If you look at the issues being debated in the wider world, the US is not at the forefront of global debate on any of them - except terror and security. Tim Watkin/The Guardian
As George Bush strolls into the leaders' meeting at Apec, I half expect to see him rubbing his eyes in a somewhat sleepy, surprised manner, like a bear coming out of hibernation.
I've just been out of the US for a fortnight, and returning to the States this past week I can't help but notice how cut-off and caught up in its own concerns this country is at the moment.
I keep thinking of Rip Van Winkle or the film While You Were Sleeping, where a character goes into a coma or long sleep and awakes to find the world a very different place. Except in this instance Bush is Van Winkle and the film title would be While You Were Iraqing.
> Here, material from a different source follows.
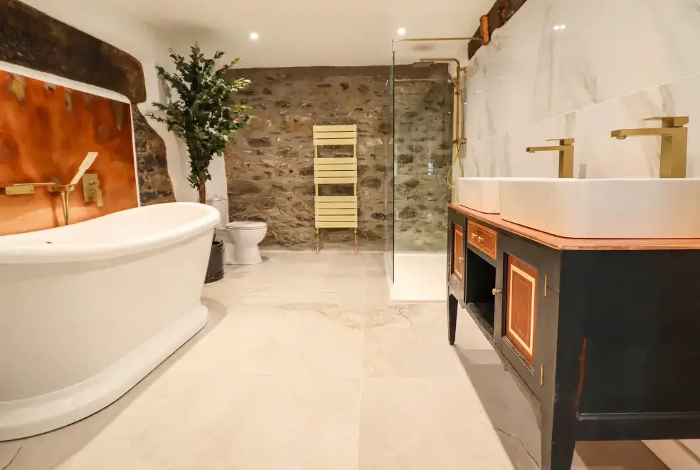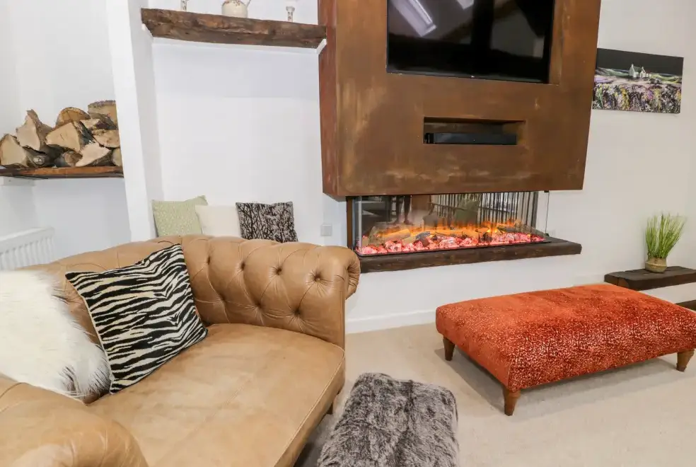 Experience unparalleled luxury over three floors at Plas Glan Yr Afon, a five-bedroom property nestled in Llangernyw, North Wales. The ground floor features a super-king-size zip/link room with an en-suite, while a king-size and a double room also offer en-suite shower rooms. On the second floor, discover a double and a twin room alongside a spacious bathroom. The open-plan living area includes a fully-equipped kitchen, a dining space, and a cosy sitting area with a woodburning stove. Additionally, there's a first-floor sitting room with an electric fire, perfect for relaxing evenings.

This is Bush's seventh Apec meeting, so you'd expect him to be a comfortable and dominant player. Yet there's a sense everyone else has moved on, while he and his country are still stuck in the same place they've been for years.
The US is still very much a country at war, with so much of its focus is on its troops in the Middle East. As a measure of his priorities, Bush is actually leaving Apec early, returning to Washington to prepare for the Petraeus report.
There seems to be little oxygen left in the White House, and even in the mainstream national debate, for the issues on the agenda of the other Apec countries - climate change, free trade, and tariffs. Sure, they get mentioned here, but they're not nearly as dominant on the political or news agenda.